- [Materials provided]:
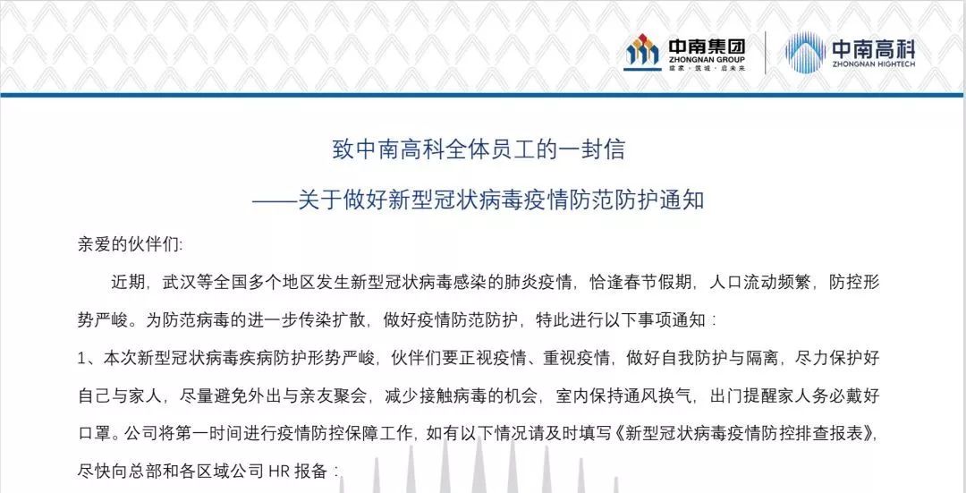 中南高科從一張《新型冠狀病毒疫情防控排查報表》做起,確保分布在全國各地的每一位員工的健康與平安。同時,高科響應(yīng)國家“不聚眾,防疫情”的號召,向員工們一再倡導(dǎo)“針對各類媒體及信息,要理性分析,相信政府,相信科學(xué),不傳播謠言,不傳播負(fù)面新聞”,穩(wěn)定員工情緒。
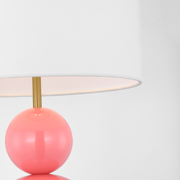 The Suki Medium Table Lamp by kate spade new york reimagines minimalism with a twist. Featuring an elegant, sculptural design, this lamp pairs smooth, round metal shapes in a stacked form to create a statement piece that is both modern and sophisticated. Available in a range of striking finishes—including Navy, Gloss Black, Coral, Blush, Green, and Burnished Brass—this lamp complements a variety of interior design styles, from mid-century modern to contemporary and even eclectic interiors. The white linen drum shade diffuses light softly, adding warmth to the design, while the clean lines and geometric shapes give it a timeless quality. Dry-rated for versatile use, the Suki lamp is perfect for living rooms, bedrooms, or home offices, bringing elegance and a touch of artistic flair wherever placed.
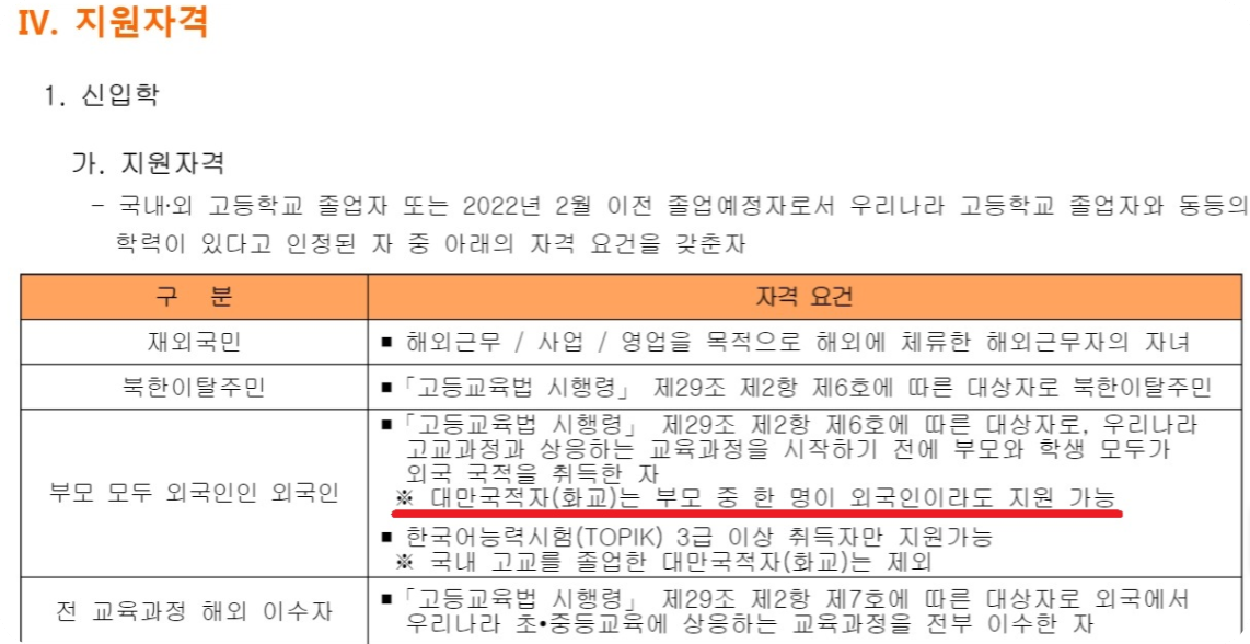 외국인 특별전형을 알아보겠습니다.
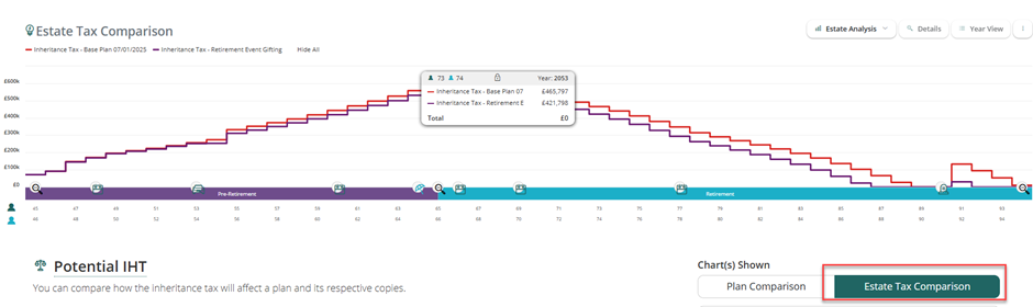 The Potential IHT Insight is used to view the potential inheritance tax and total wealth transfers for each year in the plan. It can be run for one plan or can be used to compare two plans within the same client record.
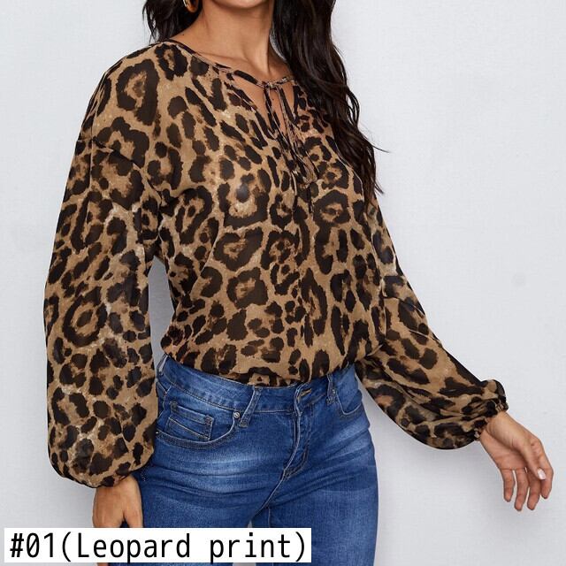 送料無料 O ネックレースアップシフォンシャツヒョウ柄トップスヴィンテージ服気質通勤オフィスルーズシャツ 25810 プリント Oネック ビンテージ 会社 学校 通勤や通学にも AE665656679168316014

--

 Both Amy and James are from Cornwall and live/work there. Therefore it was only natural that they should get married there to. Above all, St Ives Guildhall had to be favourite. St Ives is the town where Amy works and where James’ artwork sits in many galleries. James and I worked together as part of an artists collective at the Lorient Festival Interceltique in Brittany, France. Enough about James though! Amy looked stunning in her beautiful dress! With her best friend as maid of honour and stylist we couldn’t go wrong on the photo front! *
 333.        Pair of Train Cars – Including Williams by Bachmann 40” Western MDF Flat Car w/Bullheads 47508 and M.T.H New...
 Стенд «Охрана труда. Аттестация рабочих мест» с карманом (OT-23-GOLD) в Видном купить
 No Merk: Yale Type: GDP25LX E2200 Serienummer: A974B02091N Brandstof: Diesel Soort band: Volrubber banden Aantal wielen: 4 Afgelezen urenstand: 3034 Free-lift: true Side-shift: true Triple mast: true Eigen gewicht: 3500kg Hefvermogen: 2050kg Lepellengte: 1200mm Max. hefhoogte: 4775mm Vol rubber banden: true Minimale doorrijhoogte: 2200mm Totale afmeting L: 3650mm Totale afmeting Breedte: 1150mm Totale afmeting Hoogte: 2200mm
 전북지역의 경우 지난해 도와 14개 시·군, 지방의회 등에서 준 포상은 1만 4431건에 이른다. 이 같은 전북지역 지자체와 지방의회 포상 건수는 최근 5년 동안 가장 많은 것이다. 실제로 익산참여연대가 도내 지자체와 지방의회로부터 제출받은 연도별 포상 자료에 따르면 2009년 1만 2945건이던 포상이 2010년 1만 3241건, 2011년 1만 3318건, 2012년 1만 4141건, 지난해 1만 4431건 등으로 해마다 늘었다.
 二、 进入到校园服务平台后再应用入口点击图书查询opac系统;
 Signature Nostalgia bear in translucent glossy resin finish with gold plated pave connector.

==

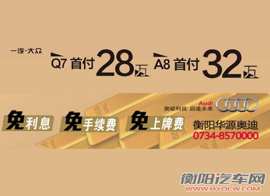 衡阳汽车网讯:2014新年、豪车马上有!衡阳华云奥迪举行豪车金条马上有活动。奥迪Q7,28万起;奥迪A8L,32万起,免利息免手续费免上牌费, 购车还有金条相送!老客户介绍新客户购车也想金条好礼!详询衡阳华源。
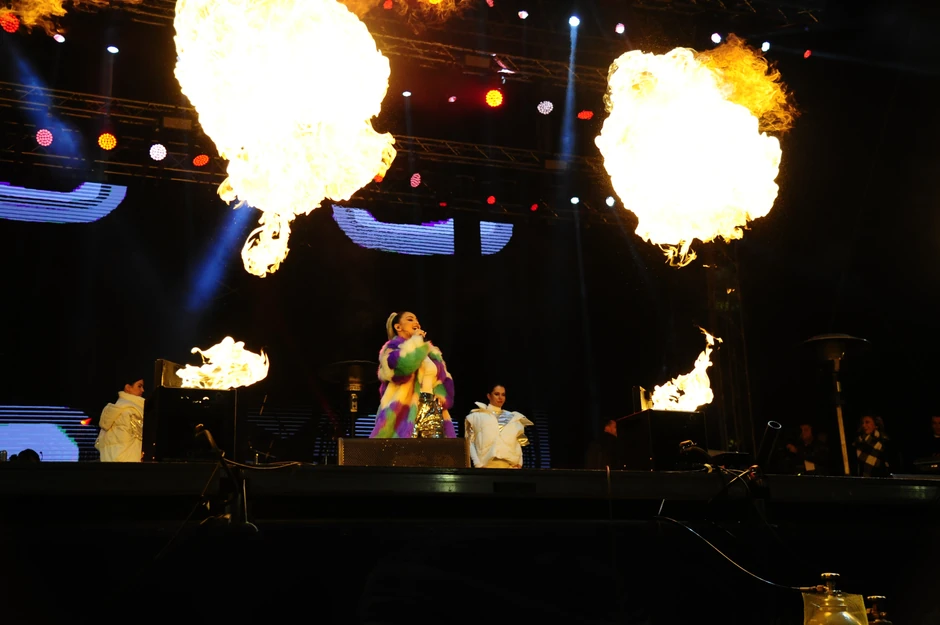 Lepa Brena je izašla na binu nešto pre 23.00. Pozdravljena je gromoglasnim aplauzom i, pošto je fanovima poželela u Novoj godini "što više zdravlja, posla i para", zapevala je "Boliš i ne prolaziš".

- [Your goal]:
Within the listing above, give again exactly every line from the line with "в Видном купить" through the line with "Signature Nostalgia bear", both included, and no other line.

- [Solution to this problem]:
 Стенд «Охрана труда. Аттестация рабочих мест» с карманом (OT-23-GOLD) в Видном купить
 No Merk: Yale Type: GDP25LX E2200 Serienummer: A974B02091N Brandstof: Diesel Soort band: Volrubber banden Aantal wielen: 4 Afgelezen urenstand: 3034 Free-lift: true Side-shift: true Triple mast: true Eigen gewicht: 3500kg Hefvermogen: 2050kg Lepellengte: 1200mm Max. hefhoogte: 4775mm Vol rubber banden: true Minimale doorrijhoogte: 2200mm Totale afmeting L: 3650mm Totale afmeting Breedte: 1150mm Totale afmeting Hoogte: 2200mm
 전북지역의 경우 지난해 도와 14개 시·군, 지방의회 등에서 준 포상은 1만 4431건에 이른다. 이 같은 전북지역 지자체와 지방의회 포상 건수는 최근 5년 동안 가장 많은 것이다. 실제로 익산참여연대가 도내 지자체와 지방의회로부터 제출받은 연도별 포상 자료에 따르면 2009년 1만 2945건이던 포상이 2010년 1만 3241건, 2011년 1만 3318건, 2012년 1만 4141건, 지난해 1만 4431건 등으로 해마다 늘었다.
 二、 进入到校园服务平台后再应用入口点击图书查询opac系统;
 Signature Nostalgia bear in translucent glossy resin finish with gold plated pave connector.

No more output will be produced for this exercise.